Carolyn's Present Circumstances
[43] Carolyn and Harmon invested in a variety of businesses in New Zealand from 2001 to 2014. Their original business (IT Telenet) was sold for approximately $1.3 million in 2014, from which they received $480,000. Their other businesses were heavily damaged in the Christchurch earthquake of 2009 and failed. A number of the entities were placed into liquidation in 2013--2015, and there has been litigation in New Zealand relating to those entities. According to Carolyn, she is in desperate need of money.
[44] Carolyn's business visa in New Zealand expired 18 months ago and she was required to return to Canada, where she now lives with her daughter Carla. Harmon remains in New Zealand.
Carolyn's Attempt to Sell the Balance of Her Shares
[45] Between 2004 and 2006, Carolyn had several discussions with her family about dividends and a possible buyout of her shares. At one point, Bryan proposed a purchase of her remaining shares for $15 million. Carolyn proposed a purchase price of $52.1 million. 6 No agreement was reached during that period and the issue remained dormant until 2014. [page521]
[46] In January 2014, Mr. DeVries wrote to Dare Foods' counsel and indicated that Carolyn would be selling her shares. He offered a purchase price of $55 million and threatened litigation if the shares were not purchased at that price. The offer was rejected.
[47] In April 2014, Carl died.
[48] In July 2014, Carolyn sent a notice of sale under the second shareholders agreement, again offering to sell her remaining Serad shares to Bryan and Graham for $55 million. There is no evidence explaining why this purchase price was selected (apart from Carolyn's testimony that the number came from Mr. DeVries), the basis on which it was calculated, or whether it represented fair market value of her shares as contemplated by the second shareholders agreement. I note that the valuation of Dare Foods in 2010, when Saputo sold its 21 per cent interest in Dare Holdings (which is equivalent to Carolyn's indirect interest through Serad), was approximately $28 million.
[49] Bryan and Graham rejected the offer. They testified that they were not interested in buying her shares -- they did not have the money and did not want to burden the business or their children with debt to fund a buyout of Carolyn's shares.

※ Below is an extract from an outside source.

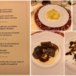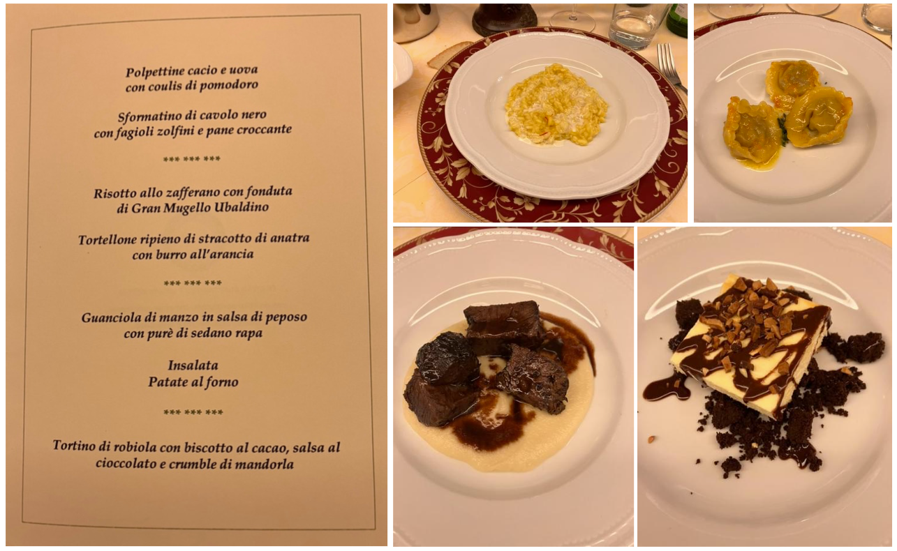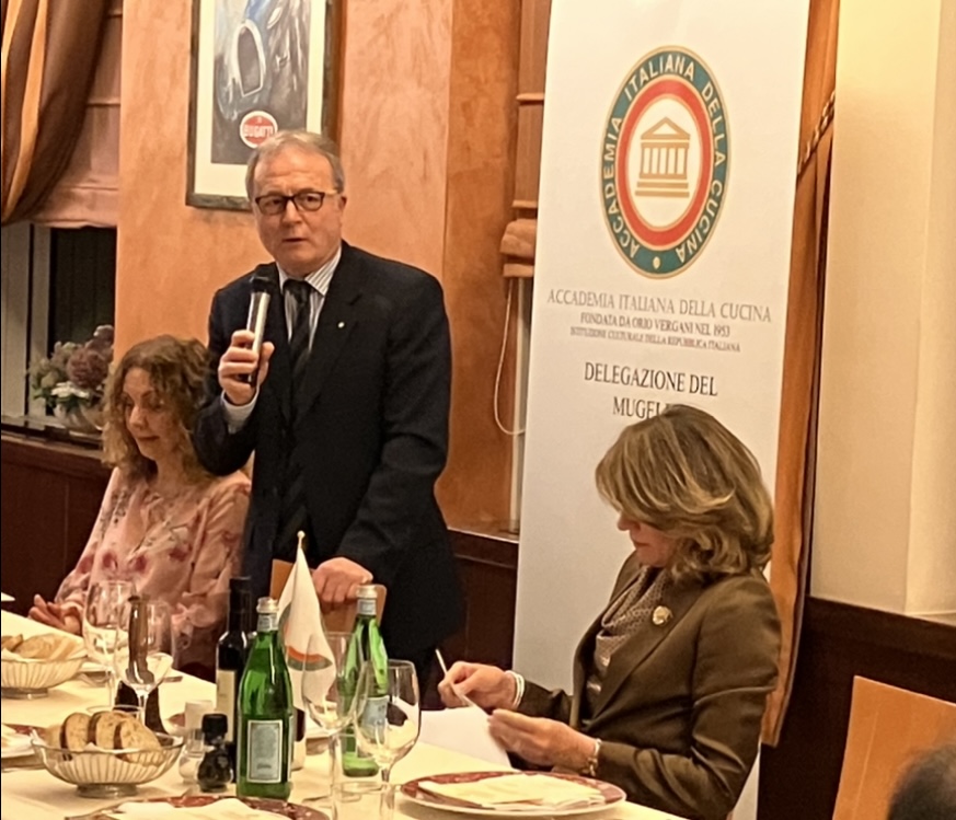 Per la riunione conviviale di febbraio gli Accademici si sono riuniti presso il ristorante “L’O di Giotto” all’interno del Park Hotel Ripaverde a Borgo San Lorenzo (FI). La serata è stata organizzata nei minimi particolari dall’Accademico Giulio Cappetti che ha attentamente studiato l’abbinamento di vini del territorio ai piatti, preparati con cura e passione da Diego Esposito giovane chef di origine abruzzese. Un’occasione per monitorare la ristorazione d’albergo, che è risultata particolarmente attenta alla selezione degli ingredienti e orientata verso la scelta della materia prima locale. Il Convivio si è concluso con i ringraziamenti allo chef e alla sua brigata e con la consegna del guidoncino da parte della Delegata Monica Sforzini. Foto 1. Il Simposiarca Giulio Cappetti durante la presentazione del menu. Foto 2. Un momento della serata. Foto 3. Lo chef Diego Esposito con il personale di cucina e di sala, il Simposiarca e la Delegata. Foto 4. Il menu con alcuni piatti.

[50] Carolyn engaged a financial advisor, Taurus Group Limited ("Taurus") in New Zealand, to market her shares. Taurus requested information from Serad and Dare Holdings to send to prospective purchasers. Mr. Farrell provided detailed financial information and met with Taurus to explain the information. Mr. Farrell also met with Carolyn and an investment banker to discuss her idea of an IPO for Dare Foods. Mr. Farrell did not think that Dare Foods was a suitable candidate for an IPO due to its limited growth potential, and the idea did not progress any further.
[51] Taurus prepared an overview of the Dare Foods business for prospective purchasers of Carolyn's shares. The material noted that any prospective purchaser would have to become a party to the Serad shareholder agreements. At least four parties (Campbell's Soups, United Biscuits, National Bank of Canada and Biscuits Leclerc -- "Leclerc") executed confidentiality agreements allowing them to access Dare Foods' financial statements. The only party that expressed an interest was Leclerc. Mr. Farrell testified that he met with Denis Leclerc, who was not interested in the transaction if Leclerc had to be bound by the existing shareholder agreements. According to Mr. Farrell, Leclerc was really interested in buying all of Dare Foods (but Bryan and Graham were not interested in selling). [page522]
[52] In November 2014, Mr. DeVries threatened litigation if Bryan and Graham did not purchase Carolyn's shares for $55 million. He alleged that Carolyn had been treated oppressively. Serad asked for particulars of the oppressive conduct. No reply was provided.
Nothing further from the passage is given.